Midwife with a Knife said...

Urology? What a great field! :)

Seriously, they do cool surgeries, have few emergencies (good lifestyle after residency), and all the cool kids are doing it. :)

frectis said...

People are stupid. It's like the birth from hell stories women like to tell each other.

Anyway, if you can figure out urinary system, let alone specialize in it as a doctor, then you are a goddess as far as I'm concerned. I couldn't even figure out the model on the final with a PROSTATE was the male one. Duh.

Ms-Ellisa said...

My urologist teacher is THE BEST and everyone says so. I've heard many people say they want to do Urology. And women visit urologists too. I'm linking you from my site, just because I agree with you and I think it's cool deciding to do a specialty YOU like and not sth that's "in fashion".

gaucho said...

"What? You're going into Anesthesia? Come on, be a real doctor, you're smart enough."

Can't tell you how many people, especially residents, have said that to me. Like anesthesia requires minimal intelligence.

People like you so they want you to go into their speciality. It's a form of identification. Trust me. I'm on psych right now :)

Lala said...

So, um, tropical medicine anyone?

Sid Schwab said...

As a resident pointed out to me when I was an intern, urology serves well for a whole career: when you're young and hot you can do big stuff like cystectomies; when you're older you can do TURPS; and when you want to cut back you can have a nice office-only practice. In retrospect, he may have been right. I chose general surgery and flamed out.

Anonymous said...

If urology is what piques your interest, then you should go for it and who the hell cares what people say. As for being a female, I (male) would go to whatever urologist my clinician recommended if I showed up with a urinary problem. Since I value my regular doc's opinion, I wouldn't give a crap whether the doc was male or female, only that he/she was vouched for as a good one.

Turks said...


Hey! I think urology is awesome! And I'm so glad to hear a girl is interested :)

Me..I get sick of: "So you want to be a GP? Aren't you too smart for that?"

Because people want stupid primary care doctors apparently..

I say fuck em.

Rebecca said...

Hey how are you?, I wouldn't normally comment on blogs but I stumbled across yours and from reading this post I wanted to share my thoughts with you.
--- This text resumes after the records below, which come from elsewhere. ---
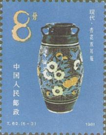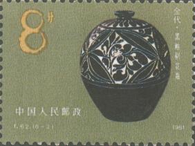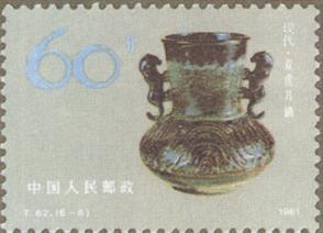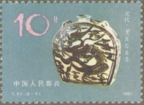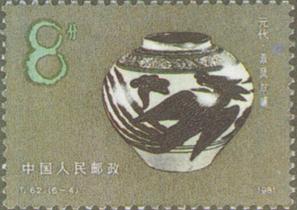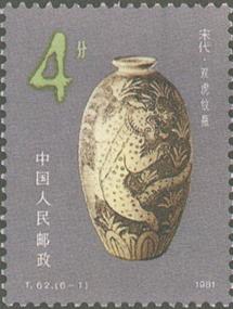 发行日期:1981年4月15日 齿孔度数:(1)(3) ;(2)(4)(5)(6) 印刷版别:影写版 票幅:(1)(3)30×40(2)(4)(5)(6)40×30 全张枚数:(1)(3)50(10×5);(2)(4)(5)(6)50(5×10) 设计者:万维生 摄影:王露 印刷:北京邮票厂       (1)4分 宋代双虎纹瓶 520.66万枚 (2)8分 金代黑釉剔花瓶 1069.66万枚 (3)8分 现代杏花双耳瓶 1076.16万枚 (4)8分 元代双凤纹罐 1012.66万枚 (5)10分 元代龙凤纹扁壶 545.66万枚 (6)60分 现代双虎耳醇 150.66万枚 (1)-(6) 6枚全 |
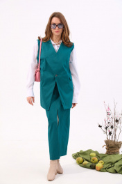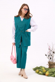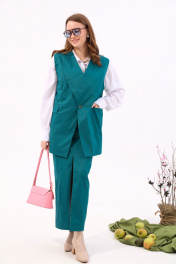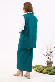 Бирюзовый джинсовый костюм с жилетом и юбкой NikVa 935-2 изумруд
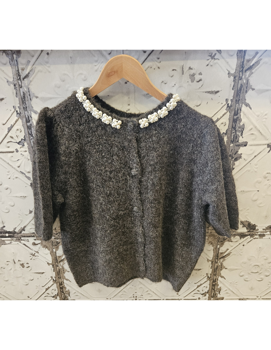 Fin stickad kofta från Vero Moda med 2/4 ärm och påsydda pärlor uppe vid halsen.
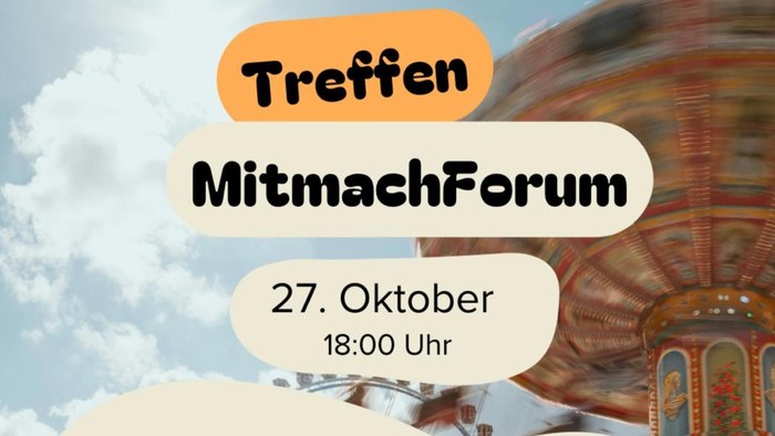 Das klären wir beim ersten Treffen des "MitmachForum" am Montag, den 27. Oktober um 18 Uhr im Paul-Gerhardt-Haus, Marxstr. 23.
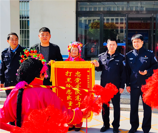 “忠黨愛民高于天,掃黑除惡出重拳。感謝你們神速破案,你們真是群眾的保護神?!?月1日,鄲城縣新城街道辦事處一電動車失主來到新城派出所,送來錦旗,感激地說。
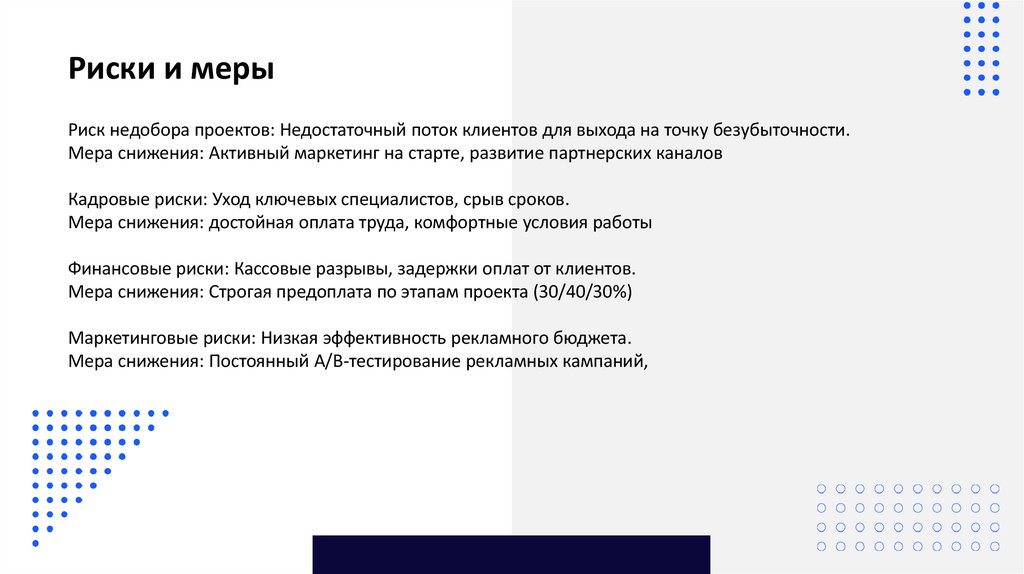 Риски и мерыРиск недобора проектов: Недостаточный поток клиентов для выхода на точку безубыточности.
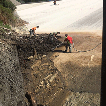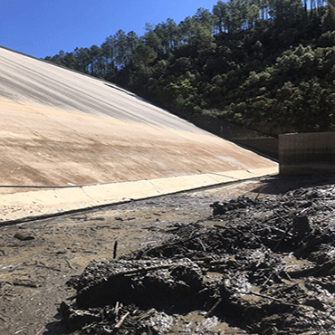Avec un accès difficile au site, l'équipe Travaux publics a été missionnée pour nettoyer le masque du barrage. En effet, le limon colmaté était épais et s'accompagnait de bois enchevêtrés. Le masque de barrage doit être étanche sur toute sa surface, un soin particulier doit lui être porté afin qu'il ne soit pas contourné.

I'm 23 I got to med school next year, since I told people that some have actually said "isn't 23 a wee bit old?" I was stunned. My main annoyance though is I am passionate about becoming a Psychiatrist and I get loads of negative comments, I see it almost everywhere in the media too these days and I find it disgusting although I will admit it cam close to putting me off as sometimes I can be critical of myself and analyse too much so I can self doubt and although I get through it negative crap all the time doesn't help people to make their minds up on something, it's strange how I could let silly things like that affect me but sometimes it does just like when some women will think theyre fat when they're not due to the obsession with size zero or being thin in the media etc, etc. I hate the stigma and stereotyping surrounding the filed of Psychiatry and the attitudes of some in society to it and the patients. Great post and like you say if they don't have anything nice to say then why don't they shut up?